People who saw [VisiCalc] , who needed it, got it. Sorry, no – some of the people who needed it got it. You have to be a person who is able to look at a general-purpose tool and be able to think, “How would I use that to solve my problem?” Most people are not that way. They look for a tool that is being used already for something close to their problem and then understand what it is. Many people who saw the spreadsheet with an example, if the example wasn’t in their field, they couldn’t make the leap. Because they’re not programmers in their mind.
But, if you showed it to somebody where it clicked, either because they understood the general-purpose nature and could apply it to their own needs or you showed them an example, like financing forecasting or something that they did, and they knew the other tools in the world, they got very excited. If you showed it to a computer person who didn’t have those needs, they’d say, “That’s kind of cool, but what’s so special about that?
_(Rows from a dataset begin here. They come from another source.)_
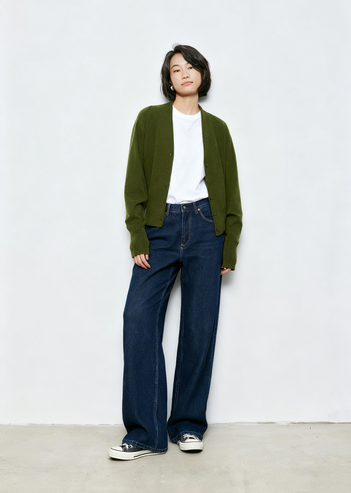 搭配公式:开衫内搭白T恤 + 深蓝直筒牛仔裤 + 帆布鞋。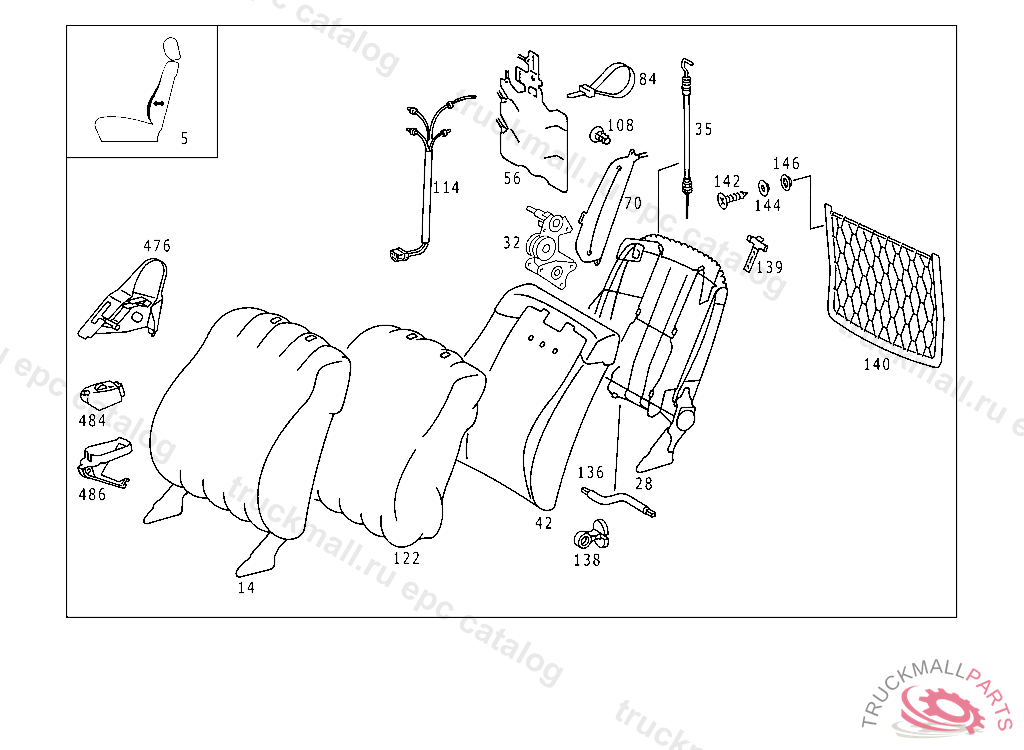 BACKREST LEFT SEAT, NO.9068I NO.5085I NO.8E44I NO.8419I NO.8405I NO.6115 AI NO.3105I NO.7135I I NO.6125 BI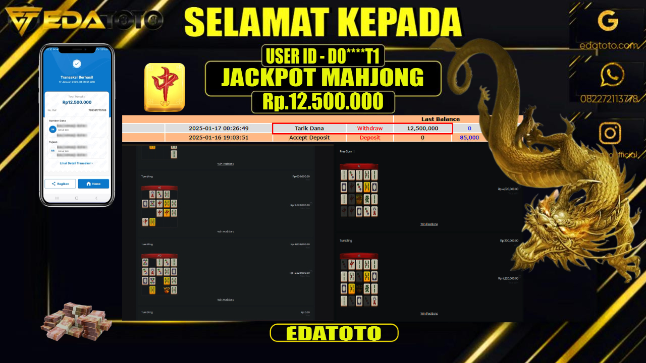 Selamat Kepada Pemilik user ID : ME****12 Hari/Tanggal : KAMIS / 16 , JANUARY 2025 Jackpot : Rp. . . .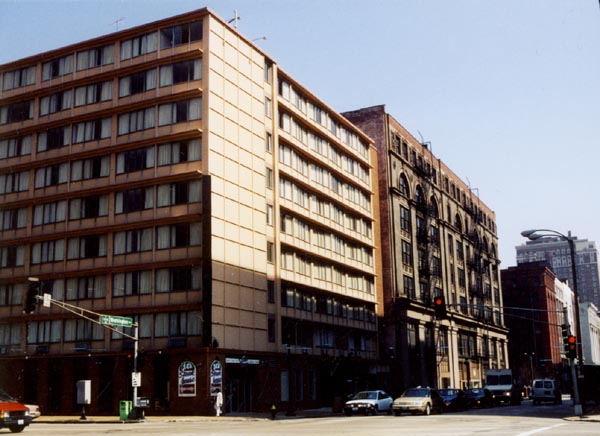 1133 Washington is a random injection of MidCentury Modern into the otherwise pre-War stylings of the Avenue. The checkerboard of color on its opaque facade was long-gone, leaving its Jetsons-space-age architecture appearing rather tepid. It was not aging well by the time the last occupant, a Days Inn, closed its doors circa 2000.
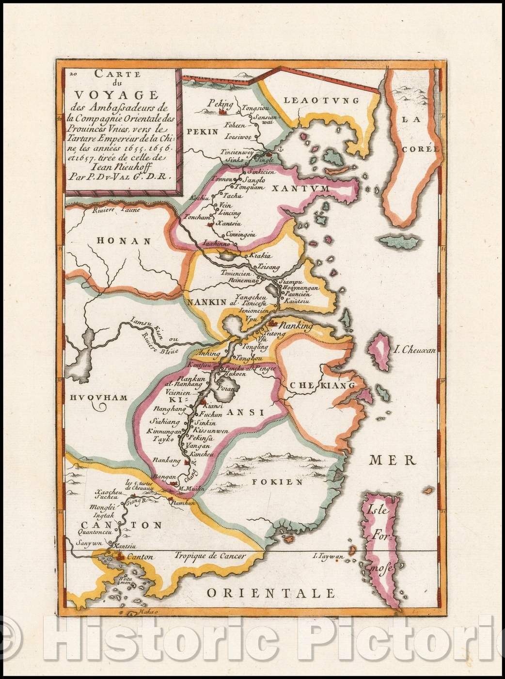 Historic Map - Carte du Voyage des Ambassadeurs de la Compagnie Orientale des Provinces :: China, Beijing, Korea, Great Wall of China, Canton, Macao etc, 1665 - Vintage Wall Art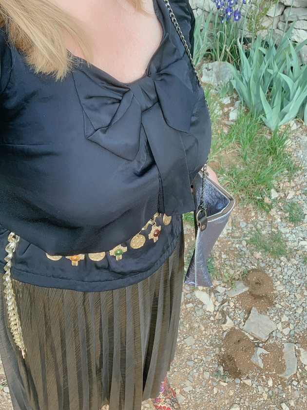 accessoirisée avec une ceinture bijoux vintage.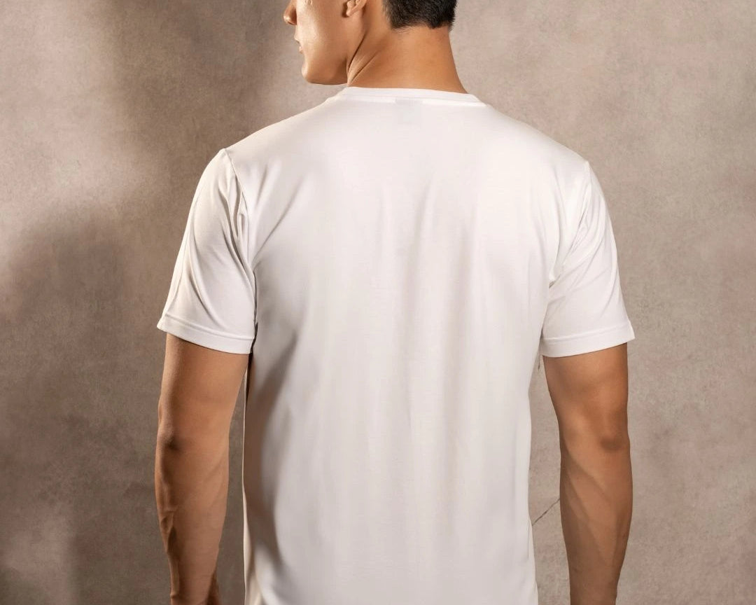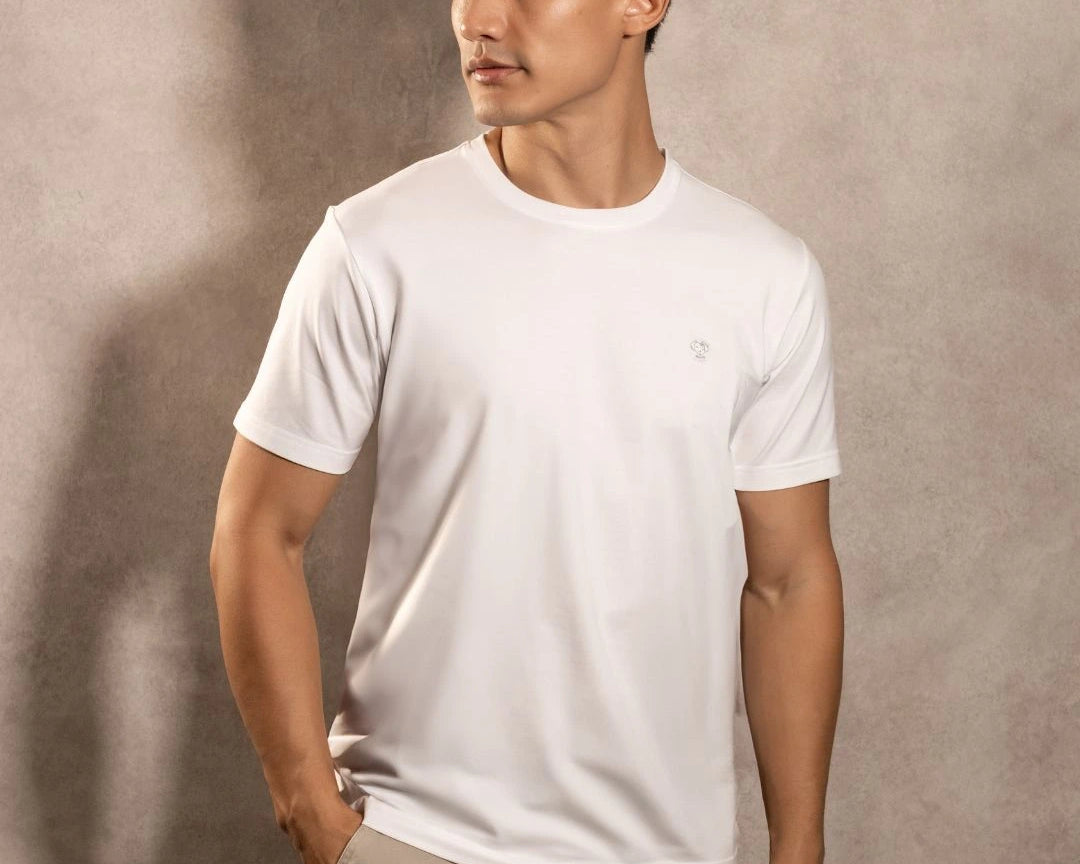 Esta camiseta de corte regular ofrece un balance perfecto entre comodidad, sobriedad y tecnología, ideal para un estilo de vida activo pero con principios firmes.

I could just do it in Basic.” Now, there were those that hadn’t seen as interactive a computer before, weren’t as aware of word processing and some of the other things, and, when they saw it, it really opened up their minds to what you could do interactively with computers. Jean-Louis Gassee, who went to Apple, is one of the people who says that.
There those people – not that many, but enough that it got a lot of people going in computer software. And then were people – the general public- who thought computers could do everything, and they weren’t at all surprised. They’d saw, “Well, of course, computers can do so much more than that. What’s special?” Lucky for us, the people who funded things – the MBA types got it, the investment banker types got it, because this was something they would need. And that made them get the personal computer.
– Dan Bricklin, Cofounder Software Arts
I’ve noticed a number of friends who aspire to build software products fall prey to the notion that what they create is “kind of cool, but not exactly special.” “After all,” they think, “someone with reasonable software ability could build the same thing.” Maybe they go talk to some non-tech friends who want to encourage them but secretly assume that computers can do it already and thus just aren’t surprised.
What if startups spent more time trying to understand business problems so that they can apply their product to more needs? Stop expecting customer to connect all of the dots. Do it for them – not because they are stupid but because they are too busy to study your features to uncover how they could use your stuff.